Fire ripped through him, stabbing so deep his body shuddered in reaction. He had to hold himself up by gripping the garbage container hard—and wasn’t that sanitary. Damn, he was in real trouble this time. He stood swaying; the only thing steady was his gun hand.
He reached into his shirt pocket and pulled out a photograph, the single one he carried, the one that mattered. He should have destroyed it. He could see his own face, the terrible raw truth caught on film. He was staring down at a woman and the love on his face, the stark hunger, was so evident it was a betrayal, there for everyone—even him—to see. His finger glided over the glossy paper, leaving a smear of blood. Hannah Drake. Supermodel. A woman with extraordinary, magical gifts. A woman so far out of reach he might as well try to pull the moon from the sky.

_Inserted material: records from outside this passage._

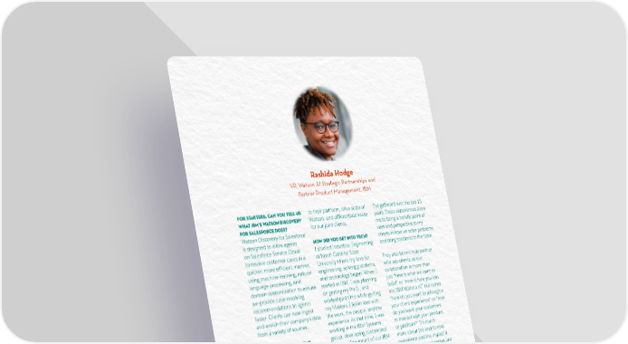 pursue their dreams, specifically scale and help them make a We want to make sure we're in areas of STEM. If I didn’t difference in society. That's fun, not laggards when it comes work in tech, but could still do awesome, and amazing. to technology, but also want something like this full time and to make sure we do right for help others along, especially What are the biggest the user. We’ve learned that those who society labels as challenges you face in tech? it’s easy to build technology, disenfranchised or unable to We live in a world where things but we need to ensure that we make it, that would be my life. are moving fast. Before, it would build technology that solves take years to develop a product problems, delivers value, and Many times people say to me and go-to market. Now, that’s drives differentiation. Rashida Hodge “Oh, you're not going to make changing from months to VP, Watson AI Strategic Partnerships and it. Your mother is a teenage weeks. In some cases, the speed Any advice for those looking Partner Product Management, IBM parent,” and many other societal of change continues to be a to get into tech? Be open, labels. But people invested in challenge for many enterprises. be present, and have a spirit of me. They mentored me. They While they’re fascinated and exploration. We often go in to FOR STARTERS, CAN YOU TELL US to their platform, drive scale of I’ve gathered over the last 15 saw potential in me before I saw excited with the ability to fields or study things because we WHAT IBM’S WATSON DISCOVERY Watson, and differentiate value years. These experiences allow potential in myself and because innovate, many companies are what we see. I grew up on FOR SALESFORCE DOES? for our joint clients. me to bring a holistic point of of their investment I can do the struggle to keep up with the 32 square miles in St. Thomas, Watson Discovery for Salesforce view and perspective to my same for others. Seeing others pace of innovation that’s U.S. Virgin Islands, but given my is designed to allow agents How did you get into tech? clients in how we solve problems thrive — and this is my focus required to remain competitive. desire to be curious, I’ve been on Salesforce Service Cloud I studied Industrial Engineering and bring solutions to the table. each day — would be a dream. to over 50 countries all over the to resolve customer cases in a at North Carolina State More importantly, while keeping world, said yes to the jobs most quicker, more efficient manner, University where my love for They also let me truly partner What do you like about pace is critical, a business also people say no to, and open using machine learning, natural engineering, solving problems, with our clients, as our working in tech? Well, each needs to ensure they provide myself up to try anything once. language processing, and and technology began. When I collaboration is more than day is different. One of the the right solution, for the right domain customization to ensure started at IBM, I was planning just “here is what we want to things for me is innovation problem, for the right client, at Who would’ve thought a girl we provide case-resolving on getting my Ph.D., and build” or “here is how you can and change. From a tech the right time. with a teenage parent would be recommendations to agents worked part time while getting use IBM Watson AI” but rather perspective, I look back at leading a large AI team? That faster. Clients can now ingest my Masters. I fell in love with “how do you want to reimagine my 15 years at IBM — I‘ve had happened because I’ve always and enrich their company's data the work, the people, and the your client experience” or “how more than 10 jobs. I‘ve had to been open to new experiences. from a variety of sources. experience. At that time, I was do you want your customers upskill and learn new things I’ve always said yes to the new. working in the IBM Systems to interact with your product continuously. The exciting part There’s a Robert Frost quote What do you do at IBM? group, developing customized or platform?” It’s much is that every day is different, I live by: “Two roads diverged I have the opportunity to solutions in support of our IBM more about the end-to-end every year is different, and in a wood, and I took the road advance our Watson technology Personal Computer Division experience and the impact it every job brings an awesome less traveled by.” I think for by working with clients and Operations Team. has on the end user versus just new challenge. For a company people interested in getting into partners to embed Watson focusing on the technology. It like IBM, with 400,000-plus technology, or changing fields, AI into their cloud-based The great thing should never be about the employees, in 170 countries or doing something different, platforms. I work across all our about IBM is technology alone. across the world, not only do say yes. Say yes to those roads ISV and Cloud Providers like the breadth I get to influence how offerings that are less traveled by. Salesforce, Box, Workday, SAP, and depth of What would you do if and products are brought to and others. Ultimately, we work experience you didn’t work in tech? market, but I get to interact with our partners to determine My passion is to help other with clients on a global how we can add intelligence women and people of color 18 THE EXCHANGE THE EXCHANGE 19
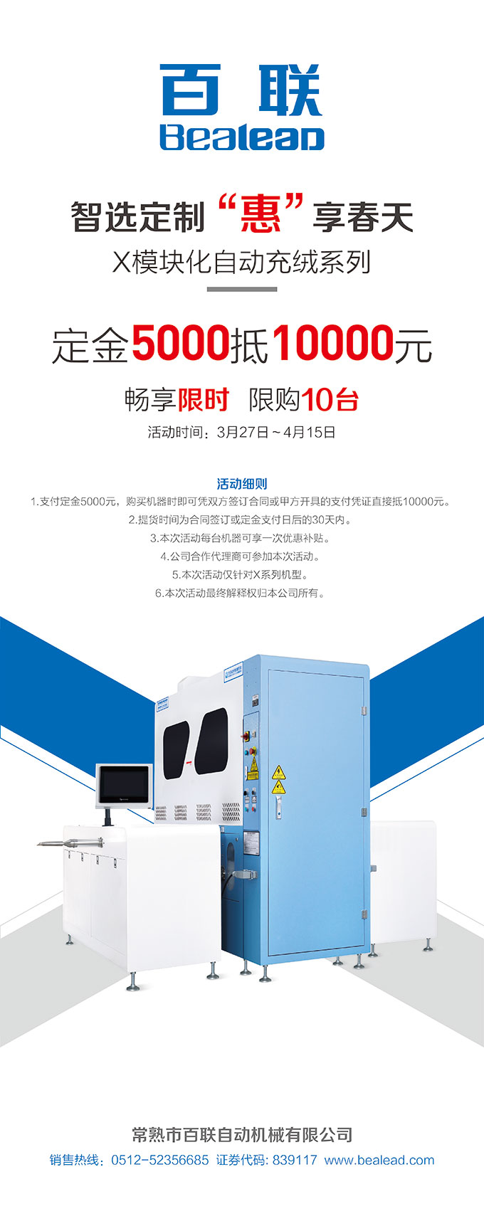 百聯(lián)專門推出了針對(duì)X模塊化自動(dòng)充絨系列產(chǎn)品的限時(shí)優(yōu)惠購(gòu)機(jī)方案,即每臺(tái)機(jī)器均可享受一次“定金5000抵10000元”的優(yōu)惠購(gòu)機(jī)補(bǔ)貼。對(duì)此,現(xiàn)場(chǎng)反應(yīng)熱烈。
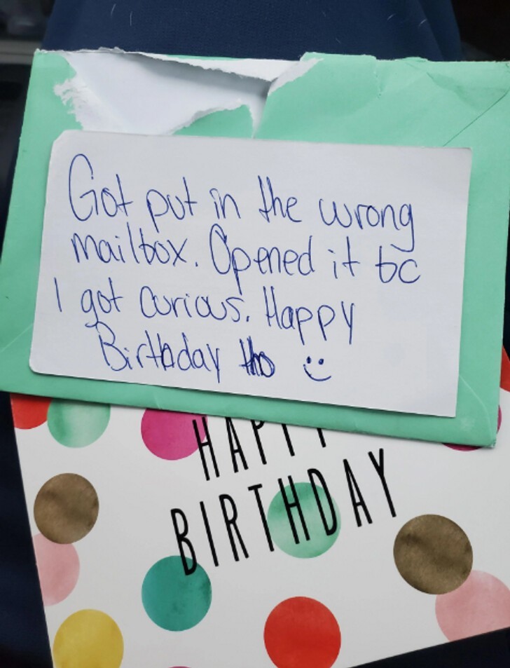 "Лист поклали помилково в мій ящик. Я його відкрив, тому що мені стало цікаво. З днем народження!"
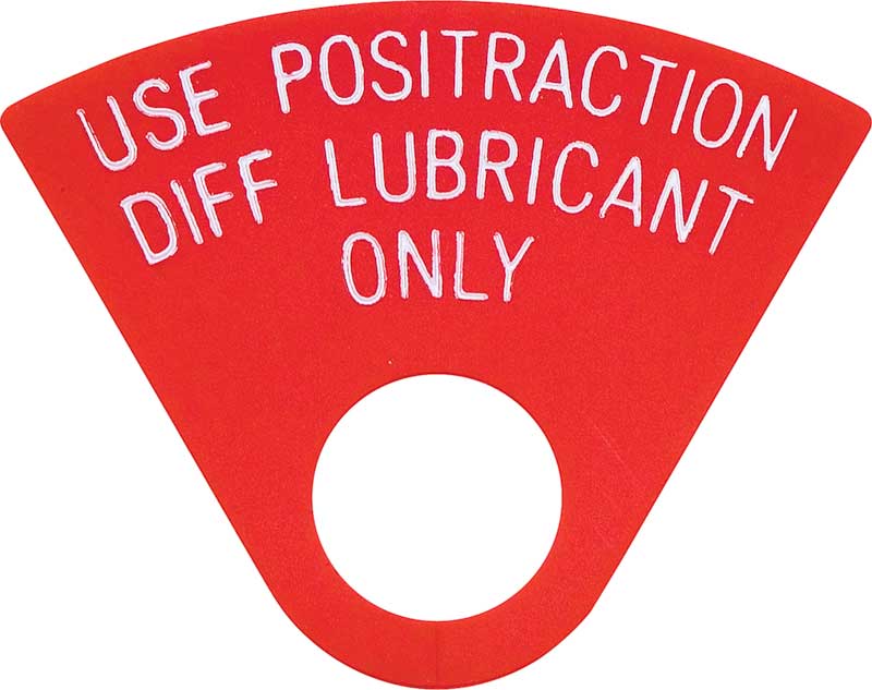 Reproduction of the original rear end positraction tag designed for use on various Buick, Chevrolet, Oldsmobile, and Pontiac models with 12 bolt positraction differentials. Each tag is manufactured in molded plastic to GM specifications in embossed lettering and features the verbiage "USE POSITRACTION DIFF LUBRICANT ONLY" in the correct font for authenticity. The tag mounts with the fill plug. For use on various makes and models.
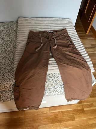 Pantalones cargo de Zara en color marrón. Tienen un diseño cómodo y moderno. - Cintura con cordón ajustable. - Bolsillos cargo laterales. - Bajo de pierna con elástico.
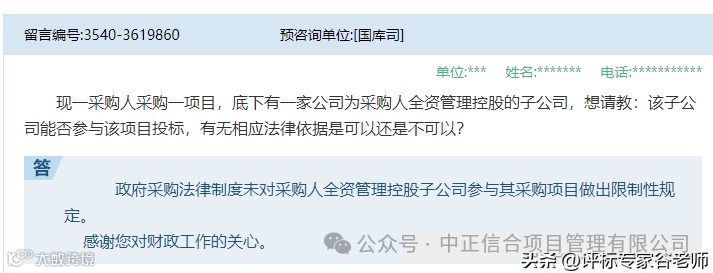 三、现一采购人采购一项目,底下有一家公司为采购人全资管理控股的子公司,想请教:该子公司能否参与该项目投标,有无相应法律依据是可以还是不可以?答:政府采购法律制度未对采购人全资管理控股子公司参与其采购项目做出限制性规定。(答复单位:财政部国库司)

He heard footsteps and the whisper of clothing sliding against the wall. He rammed the photograph back in the pocket of his shirt, close to his heart, and shook his head to clear it. More sweat dripped into his eyes and he wiped it away. The hard-asses were coming in first, staying to the shadows but definitely advancing. The sweat stung his eyes and blood ran steadily from his side down his leg, mingling with the rain that had begun to fall in a relentless downpour. He steadied the gun and waited.

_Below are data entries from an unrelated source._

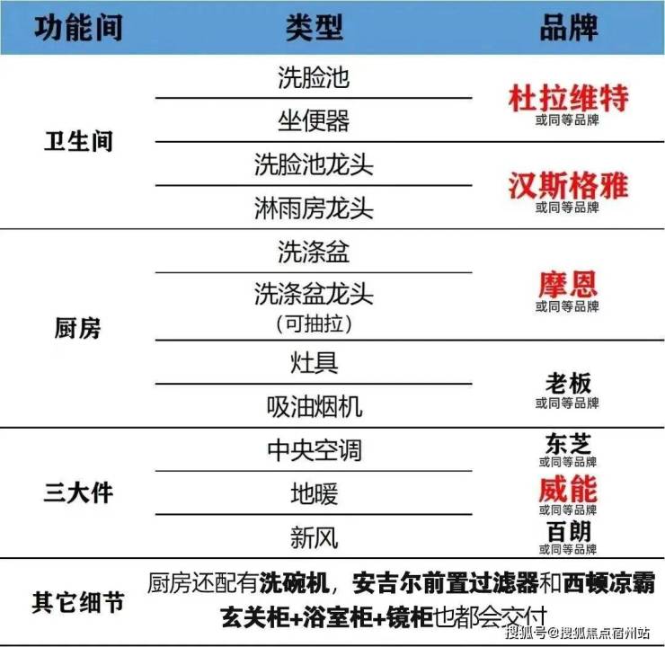 清一色的 进口三大件 ,卫浴和橱柜甚至选用了 杜拉维特、汉斯格雅、博洛尼等国际一线大牌、奢牌, 如此装修阵容,在这个价位实属罕见!
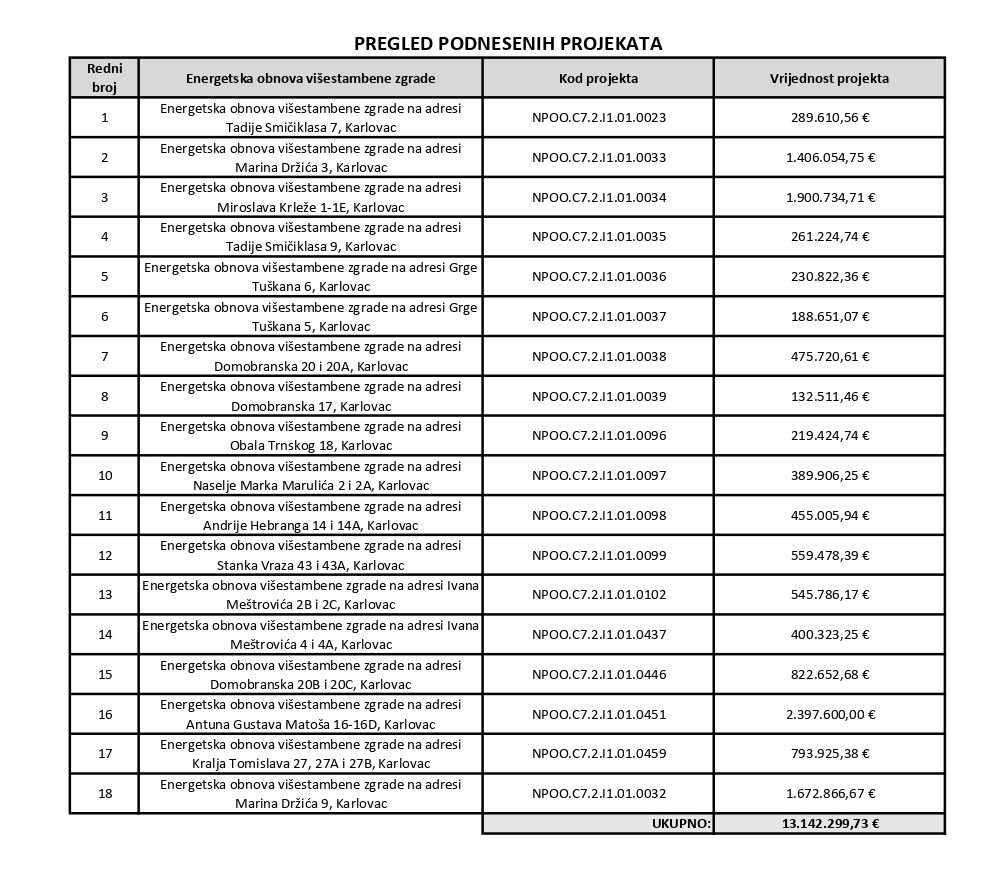 Također, s obzirom na najavljeno proširenje alokacije sredstava Europske unije od strane ministra gospodina Bačića, vjerujemo da će se uskoro potpisati ugovori i za preostalih 18 zgrada koje su zadovoljile uvjete Javnog poziva iz 2024. godine i trenutno se nalaze na listi čekanja.
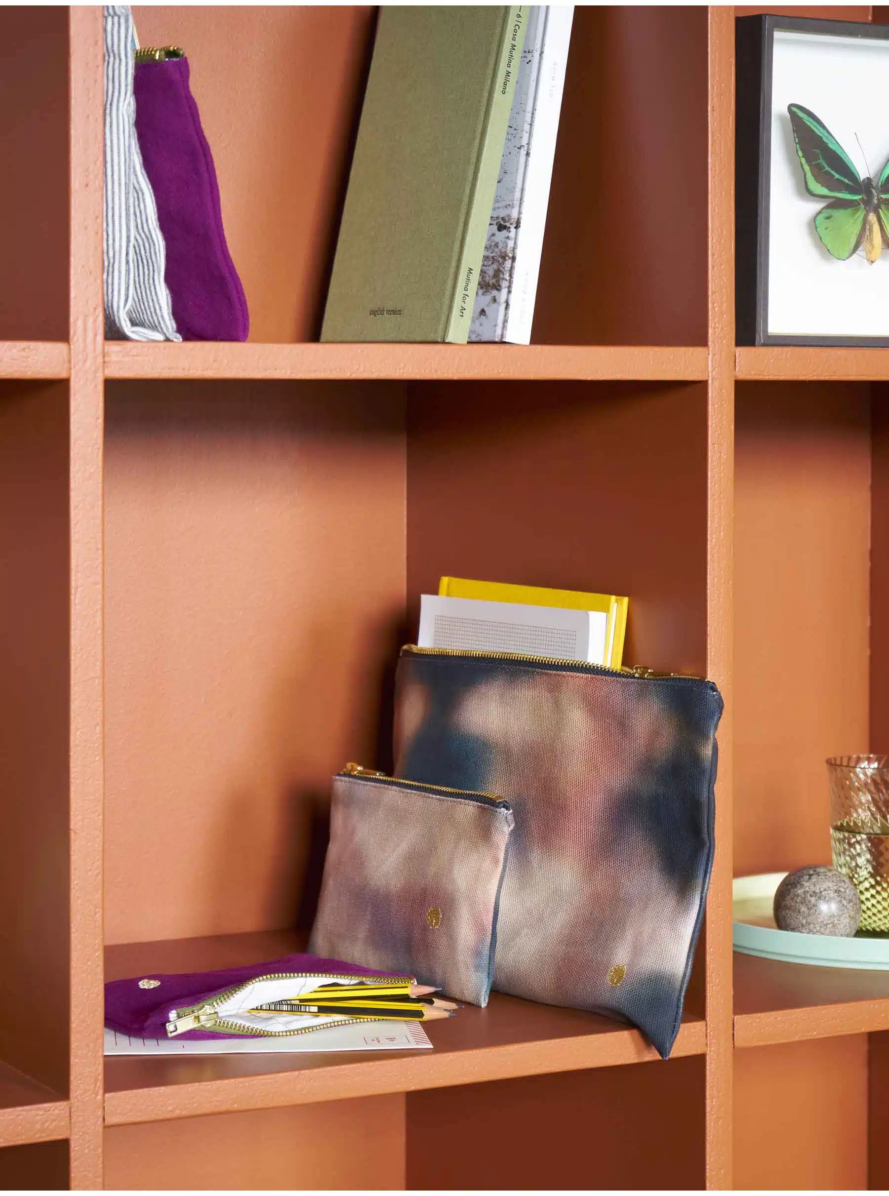 De kleinste pouch uit het assortiment van La Cerise in een mooie tie dye print. Handig voor wat pasjes en muntjes, sieraden of andere kleine spullen. Onmisbaar.
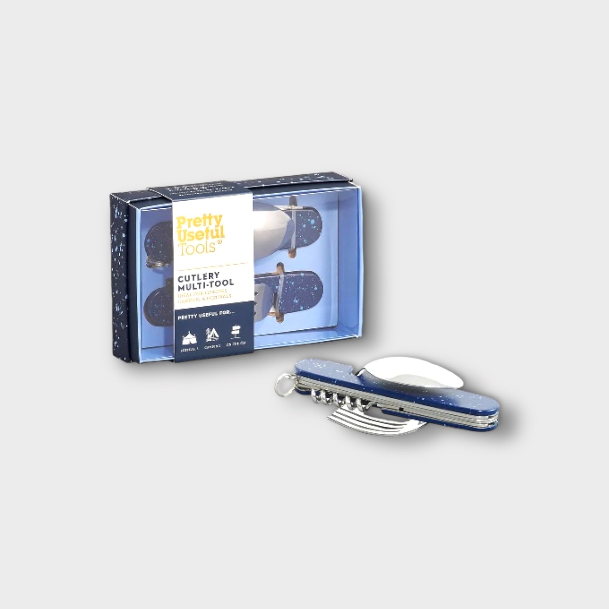 Stay prepared for office lunches, festival campfires and barbecues on the beach with the 6 in 1 Cutlery Multi-Tool from Pretty Useful Tools. Made from stainless steel with pretty patterned handles, the detachable design includes a knife, fork, spoon, bottle opener, can opener and corkscrew. Eating on the go has never been so easy! Comes packaged in a matching print gift-ready box.

At the end of the alley, a man dropped and the first shot rang out almost simultaneously. Jackson was hell on wheels at that distance. Lying up on top of the roof, he could just pick them off if they were stupid enough to keep coming—and they were. Jonas took his time, waiting for a muzzle flash as one of them gave his position away by firing up at Jackson. Jonas squeezed and the count was two for them, but the entrance to the alley still looked a long way away when the stabbing fire was spreading through his body and his blood was leaking all over the ground.

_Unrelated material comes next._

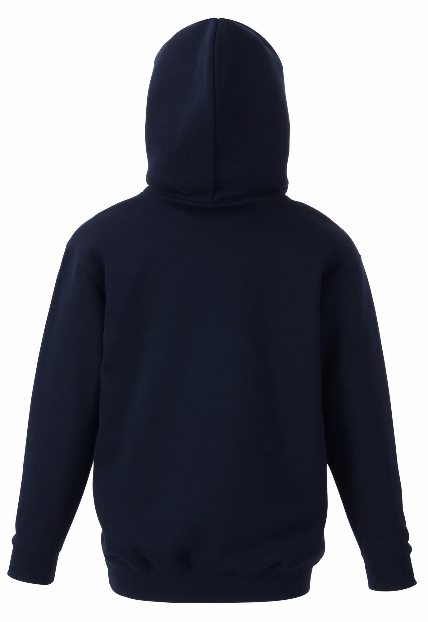Donkerblauwe Kinder sweater met gevoerde capuchon zonder koord. Basic hooded sweat voor kinderen, hierin kunnen ze heerlijk spelen en sporten. Het is een prima vrijetijds hoodie. Materiaal:80% Cotton - 20% Polyester. Merk: Fruit of loom. Land van herkomst:Morocco. Foto met meisje erop is ter illustratie kleur buiten beschouwing houden.
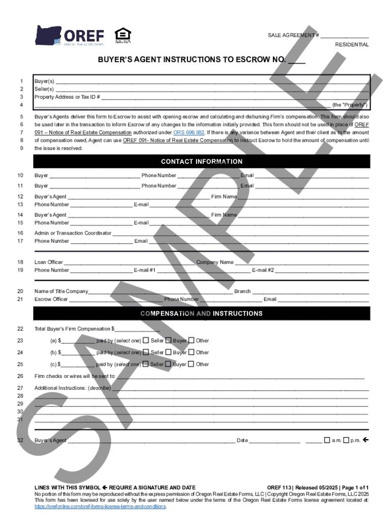 SALE AGREEMENT # ___ RESIDENTIALPL EBUYERS AGENT INSTRUCTIONS TO ESCROW NO. ___ 1 2 3 4Buyer(s) ___ Seller(s) ___ Property Address or Tax ID # ___ ___ (the Property)5 6 7 8 9Buyers Agents deliver

Don’t be such a pansy-ass. You’re not going to die in this dirty alley cut down by a few low-life rats. Geez. He spoke sternly to himself, hoping the pep talk would keep him from doing a face plant in the muck. The trouble was, these weren’t just low-life rats—they were the real deal, trained in tactics just as Jackson and he had been, and they were going for the rooftop too. He heard sounds in the building behind him—the building that should have been a warehouse empty of people.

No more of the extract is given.